| Stored data |
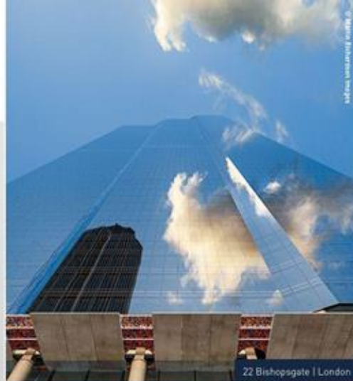
22 Bishopsgate | London
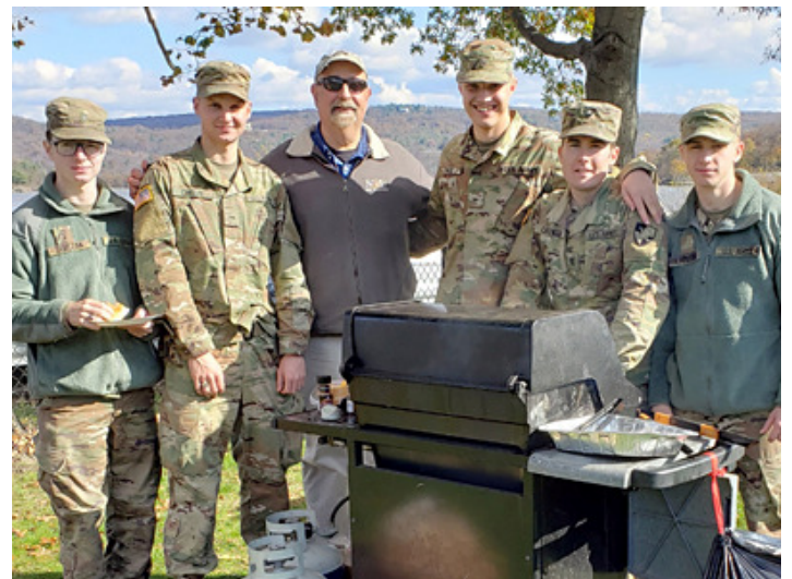
A group of cadets from the military academy prepared hot dogs and hamburgers for everyone after the Challenge.
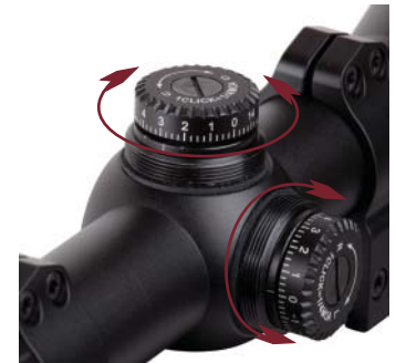
To adjust settings, turn dials: · Up / Down · Left / Right

Begin adjusting the windage and elevation settings by first removing the outer covers. Then, move the turrets in the direction you wish the bullet's point-of-impact to change. To make the adjustments, rotate the adjustment dial in the appropriate direction (up/down or left/right) as indicated by the arrows.
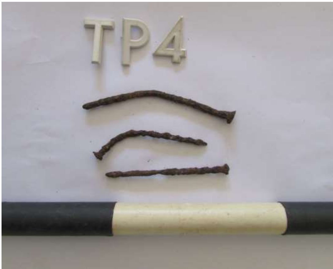
Figure 37: The nails from TP4.
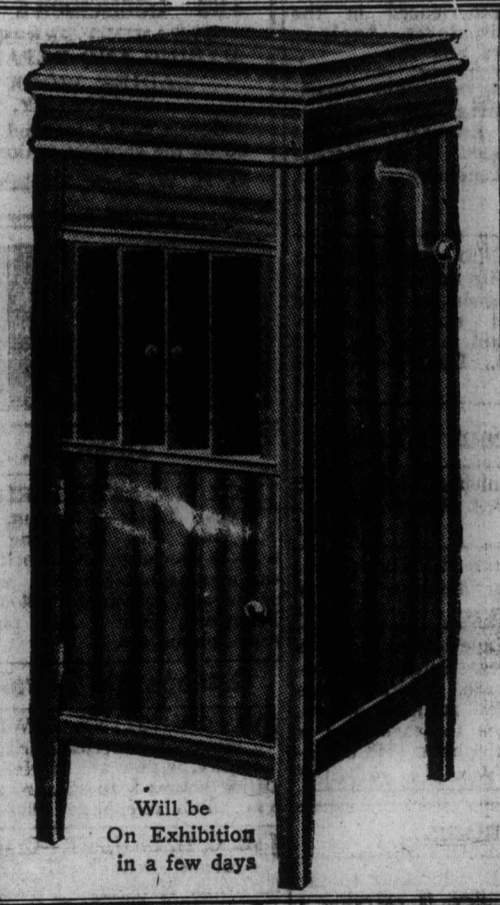
Will be On Exhibition in a few days

Explain to Your Friends To-day the Importance of Their Assistance During Booster Period.
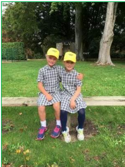
Two playground helpers

https://www.justgiving.com/fundraising/mjwillemse
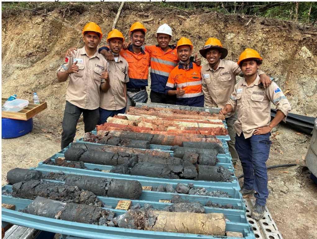
Figure 3: Pictured above are the in-country geologists who made the Ira Miri discovery during a return trip to the area.

For comparison, the mineralisation at Groote Eylandt Manganese Deposit 3 located in the Gulf of Carpentaria ranges from 0.1m to 11.5m thickness, and averages 3m in width. Although the age of the mineralisation of Groote Eylandt is the same as at Ira Miri, the method of formation of manganese at Ira Miri is terrestrial in origin consisting of in-situ supergene enrichment of the Noni Formation.
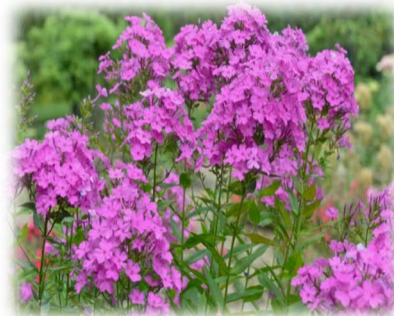
Phlox Robert Poore

Organic gardeners: dig it up carefully, making sure not to leave any part of the root ball behind.
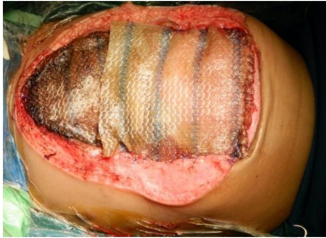
Figure 4. Surgical mesh to close the thoracic and abdominal cavity

abdomen defect were closed using a local flap by the plastic surgeon. Both babies were stable after the procedure and were transferred to the pediatric intensive care unit and they tolerated the ICU ventilation well.
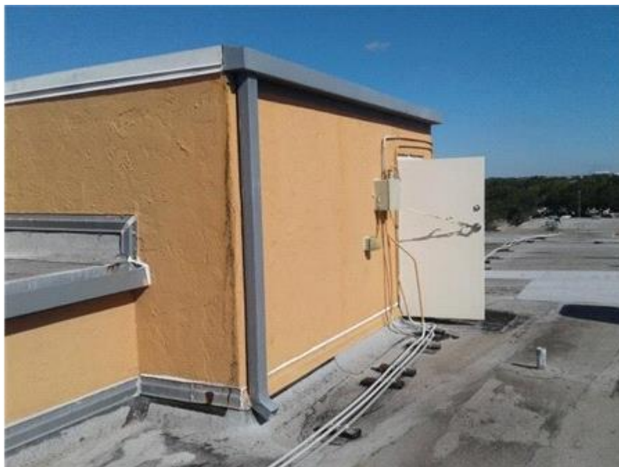
009G- The Towers - BUR - Downspouts

The downspouts appear to be in good condition.
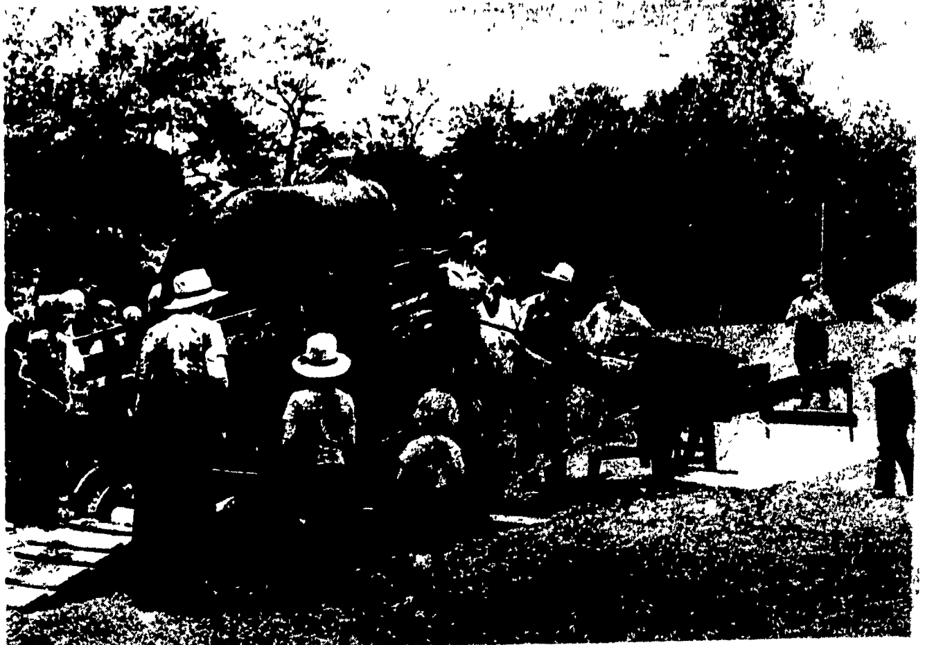
This horse-powered tread mill, manufactured by Heebner's of Lansdale, will be demonstrated at the

14. Points will be totaled for each exhibitor and prizes will be awarded as follows: Highest Total Points - $10.00, Second Highest Total Points - 7.00, Third Highest Total Points - 5.00, Fourth Highest
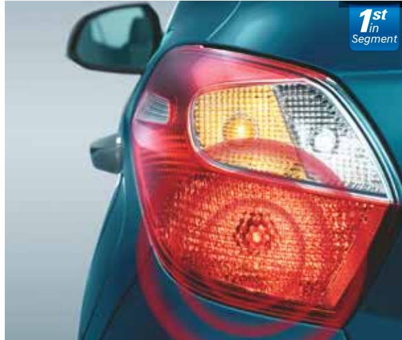
Emergency Stop Signal
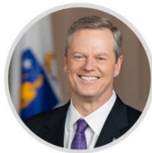
Charlie Baker Massachusetts Governor
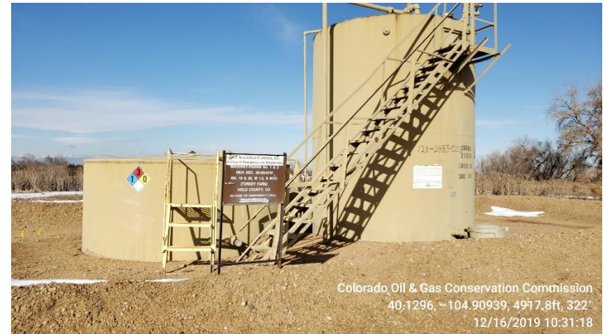
Photo 6 TB sign
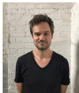
Thaddeus Wolfe [American, b. 1979]
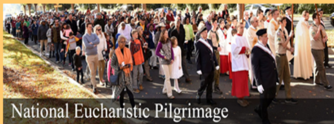
National Eucharistic Pilgrimage

We are thrilled to welcome you to the upcoming National Eucharistic Pilgrimage , which will travel through the Archdiocese of Washington from June 7 – June 9, 2024.
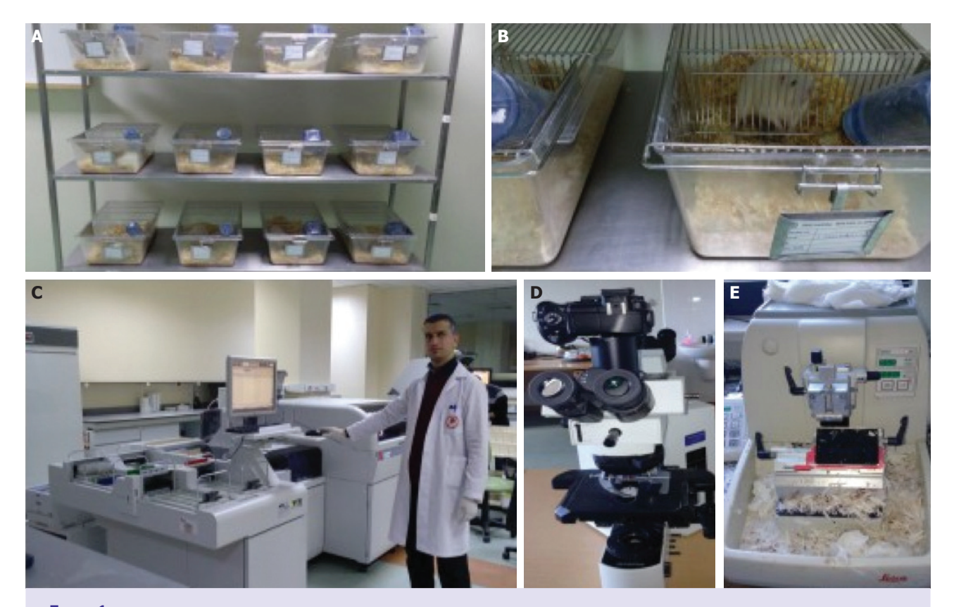
FIGURE 1 . Animal experiment, total antioxidant status, total oxidant status, and pathological analyses. (A) Housing of the experimental animals. (B) Each rat was kept individually in a standard cage. (C) The auto-analyzer used for oxidantantioxidant analyses (AU5800; Beckman Coulter, Inc., Brea, CA, USA) and researcher. (D) The optical microscope and integrated camera system used in the histopathological analysis (BX51; Olympus Corp., Tokyo, Japan). (E) The microtome device used in the histopathological analysis (RM 2245; Leica Biosystems Nussloch GmbH, Wetzlar, Germany).

OSI = TOS/TAS. The principle of TAS measurement is that antioxidants in the sample reduce the dark blue-green colored 2-2'-Azino-bis (3-ethylbenzthiazoline-6-sulfonic acid) (ABTS) radical to a colorless, reduced form of ABTS. The change of absorbance at 660 nm is related to the total antioxidant level of the sample. The assay is calibrated with a stable antioxidant standard solution known as Trolox Equivalent, which is similar to vitamin E [29]. The principle of TOS measurement is that oxidants present in the sample oxidize the ferrous ion-chelator complex into ferric ion. The oxidation reaction is prolonged by enhancer molecules, which are abundantly present in the reaction medium. The ferric ion provides a colored complex with chromogen in an acidic medium. The color intensity, which can be measured spectrophotometrically, is related to the total amount of oxidant molecules present in
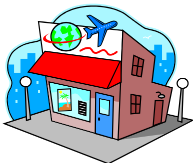
a travel agent
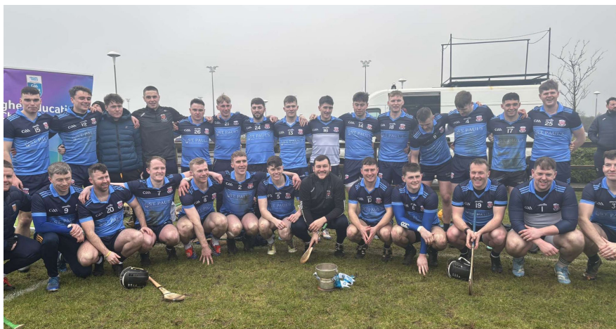
Garda College Ryan Cup winners

The Garda College got their defence of the Ryan Cup off to the perfect start, by defeating Queens University, in the second round they were narrowly defeated by SETU Carlow, who had just dropped down from Fitzgibbon Cup. Finishing second in the group set up a quarter final verses Trinity College. Garda College ran out comprehensive winners on the day and were heading to the Connaught Centre of Excellence for semi-final and finals weekend. In the tightest of matches all year, Garda College defeated UUJ by a single point to set up a repeat of the 2024 final against TU Dublin. The final was nip and tuck affair all the way, however in the last 15 minutes, the Garda College pulled away to earn a well-deserved victory and claim back to back Ryan Cups for the first time in their history.
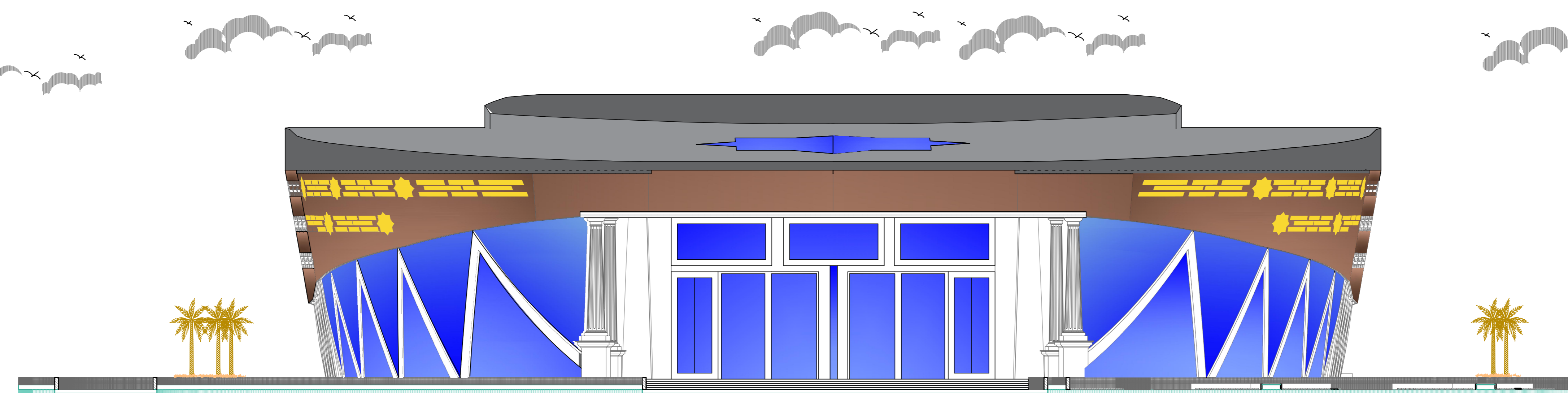
FACADE PRINCIPALE ECH: 1/200
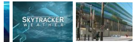
Global Edmonton's weather forecast for Wed, Jan 18.
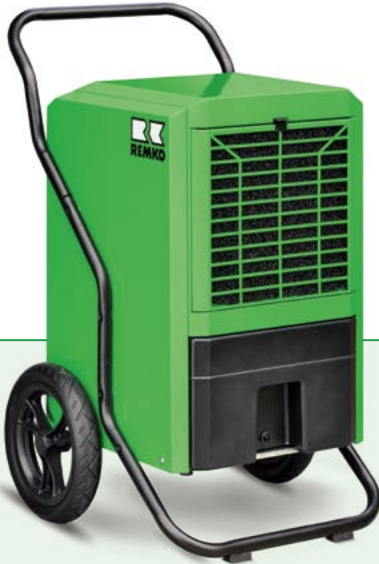
REMKO LTE 60

Drying and dehumidifying more reliable than sun and wind
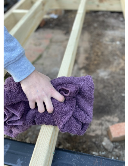
3. Make sure timber frame is free of any dirt, saw dust and
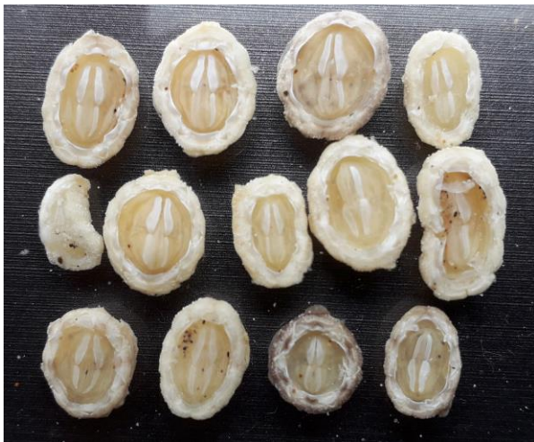
Fig. 7. Acorn Barnacles ( Stomatolepas dermochelys ) from St. Cyrus leatherback turtle (opercular view; longest barnacle to the right is 11 mm in length).

The first, in December 2006, a live loggerhead (length 84 cm, weight 36.5 kg) was found on Cefn Sidan Sands, Pembrey Country Park, Carmarthenshire, Wales, during strong south-westerly storms (Ref. No. T2006/39; Penrose & Gander, 2007). Most of the front left flipper was missing but this had healed indicating it was an old injury. Around six Lepas anatifera goose
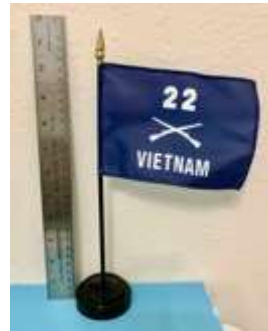
Mini Flag: $5.00 Shipping: $3.00**
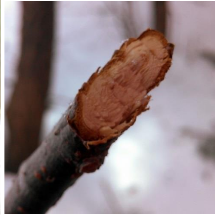
Porcupine Browse (hemlock)

| Exercise description |
Could you transcribe exactly the entries above, but only the lines from the one with "Two playground helpers" through the one with "We are thrilled", and without pictures?

| Output for this task |
Two playground helpers

https://www.justgiving.com/fundraising/mjwillemse
Figure 3: Pictured above are the in-country geologists who made the Ira Miri discovery during a return trip to the area.

For comparison, the mineralisation at Groote Eylandt Manganese Deposit 3 located in the Gulf of Carpentaria ranges from 0.1m to 11.5m thickness, and averages 3m in width. Although the age of the mineralisation of Groote Eylandt is the same as at Ira Miri, the method of formation of manganese at Ira Miri is terrestrial in origin consisting of in-situ supergene enrichment of the Noni Formation.
Phlox Robert Poore

Organic gardeners: dig it up carefully, making sure not to leave any part of the root ball behind.
Figure 4. Surgical mesh to close the thoracic and abdominal cavity

abdomen defect were closed using a local flap by the plastic surgeon. Both babies were stable after the procedure and were transferred to the pediatric intensive care unit and they tolerated the ICU ventilation well.
009G- The Towers - BUR - Downspouts

The downspouts appear to be in good condition.
This horse-powered tread mill, manufactured by Heebner's of Lansdale, will be demonstrated at the

14. Points will be totaled for each exhibitor and prizes will be awarded as follows: Highest Total Points - $10.00, Second Highest Total Points - 7.00, Third Highest Total Points - 5.00, Fourth Highest
Emergency Stop Signal
Charlie Baker Massachusetts Governor
Photo 6 TB sign
Thaddeus Wolfe [American, b. 1979]
National Eucharistic Pilgrimage

We are thrilled to welcome you to the upcoming National Eucharistic Pilgrimage , which will travel through the Archdiocese of Washington from June 7 – June 9, 2024.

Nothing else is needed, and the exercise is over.